*** Opening Supplied data ***

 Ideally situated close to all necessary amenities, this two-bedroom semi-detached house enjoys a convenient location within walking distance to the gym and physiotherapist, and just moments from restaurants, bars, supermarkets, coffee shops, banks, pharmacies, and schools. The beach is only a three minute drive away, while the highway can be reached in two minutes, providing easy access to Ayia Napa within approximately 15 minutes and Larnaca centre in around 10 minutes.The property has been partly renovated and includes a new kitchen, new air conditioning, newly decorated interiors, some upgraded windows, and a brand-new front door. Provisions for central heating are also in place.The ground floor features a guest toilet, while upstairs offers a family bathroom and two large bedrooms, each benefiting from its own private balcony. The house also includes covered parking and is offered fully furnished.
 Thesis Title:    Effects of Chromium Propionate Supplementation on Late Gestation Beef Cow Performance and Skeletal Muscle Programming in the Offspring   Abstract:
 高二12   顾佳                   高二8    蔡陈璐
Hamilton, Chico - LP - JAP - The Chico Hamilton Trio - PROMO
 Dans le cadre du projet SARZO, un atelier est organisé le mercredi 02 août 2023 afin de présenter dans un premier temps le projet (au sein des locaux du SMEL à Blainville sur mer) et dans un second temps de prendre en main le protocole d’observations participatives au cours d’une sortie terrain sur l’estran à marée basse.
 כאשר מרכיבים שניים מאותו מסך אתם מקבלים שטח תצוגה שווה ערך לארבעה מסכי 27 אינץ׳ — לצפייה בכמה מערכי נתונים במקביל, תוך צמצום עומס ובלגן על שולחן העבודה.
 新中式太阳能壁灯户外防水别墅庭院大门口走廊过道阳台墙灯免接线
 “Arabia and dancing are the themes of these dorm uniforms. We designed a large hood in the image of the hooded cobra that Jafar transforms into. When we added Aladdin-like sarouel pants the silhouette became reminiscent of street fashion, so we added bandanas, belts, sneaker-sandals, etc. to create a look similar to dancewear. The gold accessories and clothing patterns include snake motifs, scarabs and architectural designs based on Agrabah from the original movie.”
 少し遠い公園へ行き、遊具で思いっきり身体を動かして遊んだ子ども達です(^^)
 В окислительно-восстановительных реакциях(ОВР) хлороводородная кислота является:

*** Closing Supplied data ***

→ **Task requirements**: Set down the entries again exactly as they are.

→ **Output**:
 Ideally situated close to all necessary amenities, this two-bedroom semi-detached house enjoys a convenient location within walking distance to the gym and physiotherapist, and just moments from restaurants, bars, supermarkets, coffee shops, banks, pharmacies, and schools. The beach is only a three minute drive away, while the highway can be reached in two minutes, providing easy access to Ayia Napa within approximately 15 minutes and Larnaca centre in around 10 minutes.The property has been partly renovated and includes a new kitchen, new air conditioning, newly decorated interiors, some upgraded windows, and a brand-new front door. Provisions for central heating are also in place.The ground floor features a guest toilet, while upstairs offers a family bathroom and two large bedrooms, each benefiting from its own private balcony. The house also includes covered parking and is offered fully furnished.
 Thesis Title:    Effects of Chromium Propionate Supplementation on Late Gestation Beef Cow Performance and Skeletal Muscle Programming in the Offspring   Abstract:
 高二12   顾佳                   高二8    蔡陈璐
Hamilton, Chico - LP - JAP - The Chico Hamilton Trio - PROMO
 Dans le cadre du projet SARZO, un atelier est organisé le mercredi 02 août 2023 afin de présenter dans un premier temps le projet (au sein des locaux du SMEL à Blainville sur mer) et dans un second temps de prendre en main le protocole d’observations participatives au cours d’une sortie terrain sur l’estran à marée basse.
 כאשר מרכיבים שניים מאותו מסך אתם מקבלים שטח תצוגה שווה ערך לארבעה מסכי 27 אינץ׳ — לצפייה בכמה מערכי נתונים במקביל, תוך צמצום עומס ובלגן על שולחן העבודה.
 新中式太阳能壁灯户外防水别墅庭院大门口走廊过道阳台墙灯免接线
 “Arabia and dancing are the themes of these dorm uniforms. We designed a large hood in the image of the hooded cobra that Jafar transforms into. When we added Aladdin-like sarouel pants the silhouette became reminiscent of street fashion, so we added bandanas, belts, sneaker-sandals, etc. to create a look similar to dancewear. The gold accessories and clothing patterns include snake motifs, scarabs and architectural designs based on Agrabah from the original movie.”
 少し遠い公園へ行き、遊具で思いっきり身体を動かして遊んだ子ども達です(^^)
 В окислительно-восстановительных реакциях(ОВР) хлороводородная кислота является:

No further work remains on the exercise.